About this exercise: The pictures stay out. Please retype every line below exactly.

### Input data ###

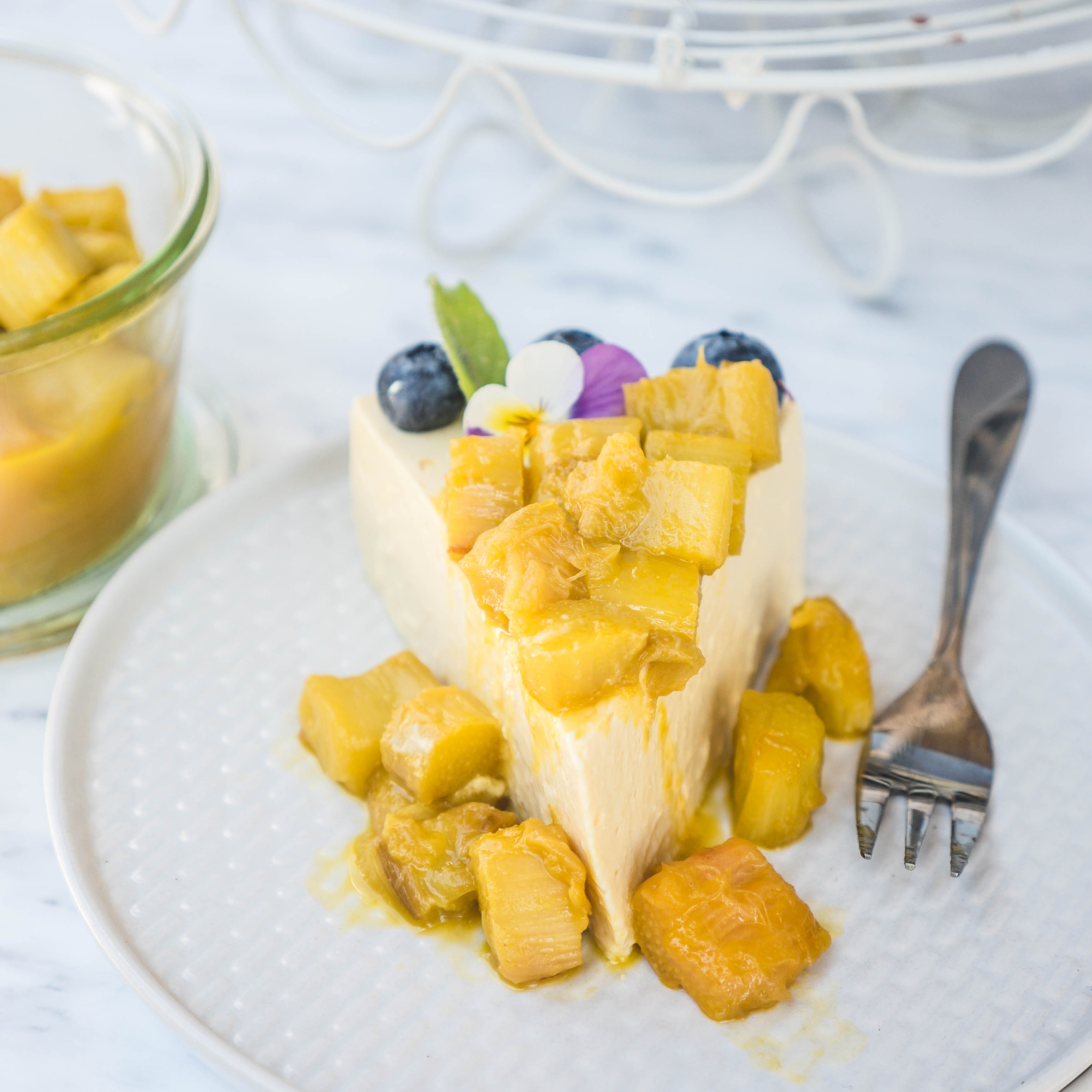 Tofurnik na zimno z karmelizowanym rabarbarem
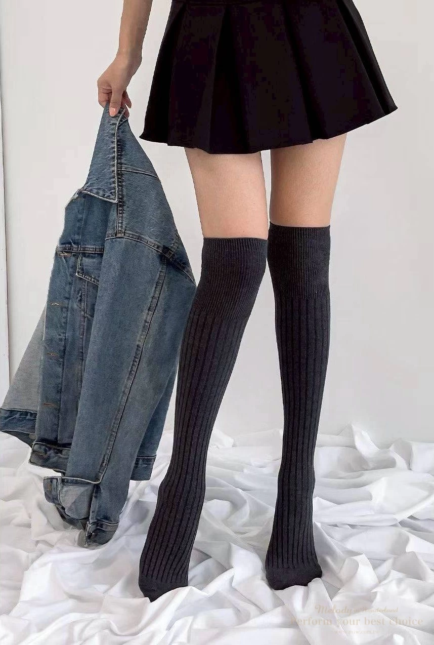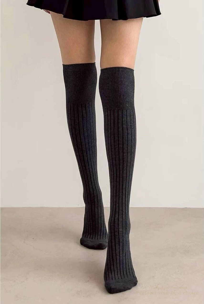 坑條膝上棉襪(3色)
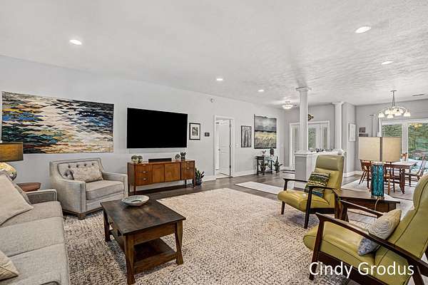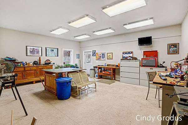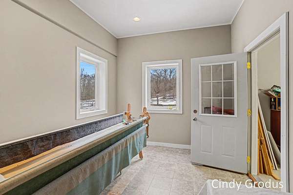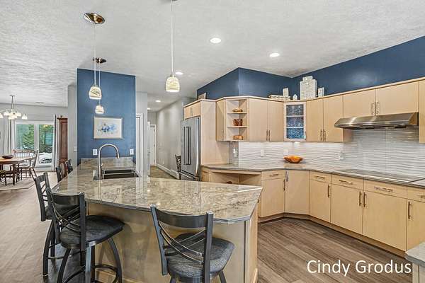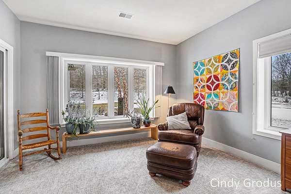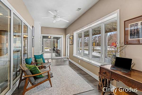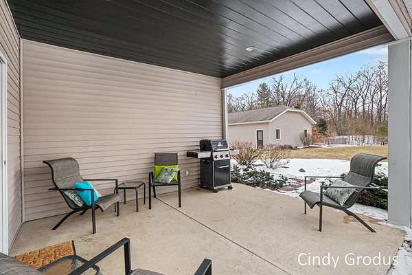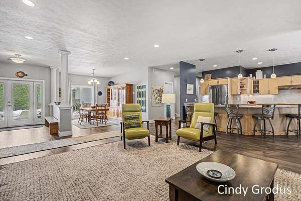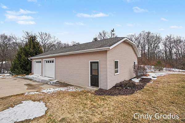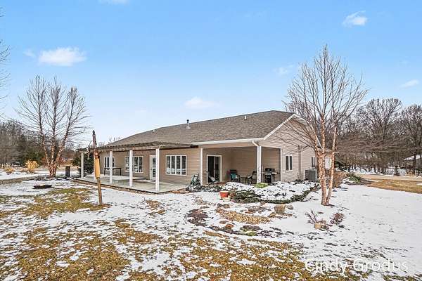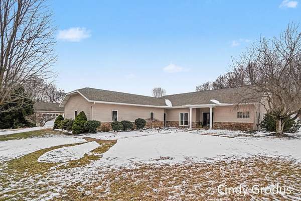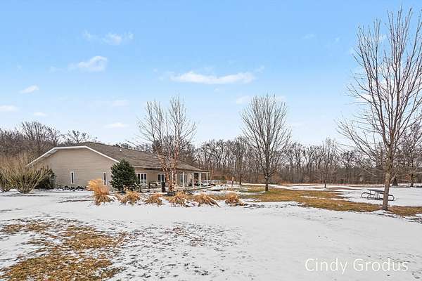 Welcome home to this special custom-built, zero step ranch nestled at the end of Pigeon Creek Dr, a private road. Featuring 3 bedrooms, 3 bathrooms, it spans over 2800 finished sq.ft. and sits on 4 acres. The outdoor living spaces feature a covered patio, massive deck across the back with a pergola and floor to ceiling windows. Step inside to a stunning open concept floor plan with 9-foot ceilings and 3-sided fireplace perfect for everyday living and entertaining. The fabulous kitchen with new quartzite countertops, wavy tile backsplash, newer stainless steel appliances, large snack bar, and a cozy breakfast nook, beautifully reflect the natural surroundings. The enormous primary suite is a luxurious retreat offering plenty of room for relaxing, dual sinks, a soaker tub, a zero-step tile shower, and a spacious walk-in closet. The split floor plan features a Jack & Jill bathroom between the two generous bedrooms both with large walk-in closets. Additional highlights include an 3-stall attached garage with tons of storage, and a 30x50 outbuilding with 2 more parking stalls and 2 heated finished work spaces. Adjacent to Hemlock Crossing, this amazing location boasts easy access to hiking trails and the Pigeon River. Kayak or paddle board out to Pigeon Lake and Lake Michigan or hike, snowshoe, cross-country ski the numerous nature trails - all from your backyard. This exceptional residence is thoughtfully designed to harmonize with its natural surroundings delivering privacy and seamless access to the outdoors.

###

Exercise result:
 Tofurnik na zimno z karmelizowanym rabarbarem
 坑條膝上棉襪(3色)
 Welcome home to this special custom-built, zero step ranch nestled at the end of Pigeon Creek Dr, a private road. Featuring 3 bedrooms, 3 bathrooms, it spans over 2800 finished sq.ft. and sits on 4 acres. The outdoor living spaces feature a covered patio, massive deck across the back with a pergola and floor to ceiling windows. Step inside to a stunning open concept floor plan with 9-foot ceilings and 3-sided fireplace perfect for everyday living and entertaining. The fabulous kitchen with new quartzite countertops, wavy tile backsplash, newer stainless steel appliances, large snack bar, and a cozy breakfast nook, beautifully reflect the natural surroundings. The enormous primary suite is a luxurious retreat offering plenty of room for relaxing, dual sinks, a soaker tub, a zero-step tile shower, and a spacious walk-in closet. The split floor plan features a Jack & Jill bathroom between the two generous bedrooms both with large walk-in closets. Additional highlights include an 3-stall attached garage with tons of storage, and a 30x50 outbuilding with 2 more parking stalls and 2 heated finished work spaces. Adjacent to Hemlock Crossing, this amazing location boasts easy access to hiking trails and the Pigeon River. Kayak or paddle board out to Pigeon Lake and Lake Michigan or hike, snowshoe, cross-country ski the numerous nature trails - all from your backyard. This exceptional residence is thoughtfully designed to harmonize with its natural surroundings delivering privacy and seamless access to the outdoors.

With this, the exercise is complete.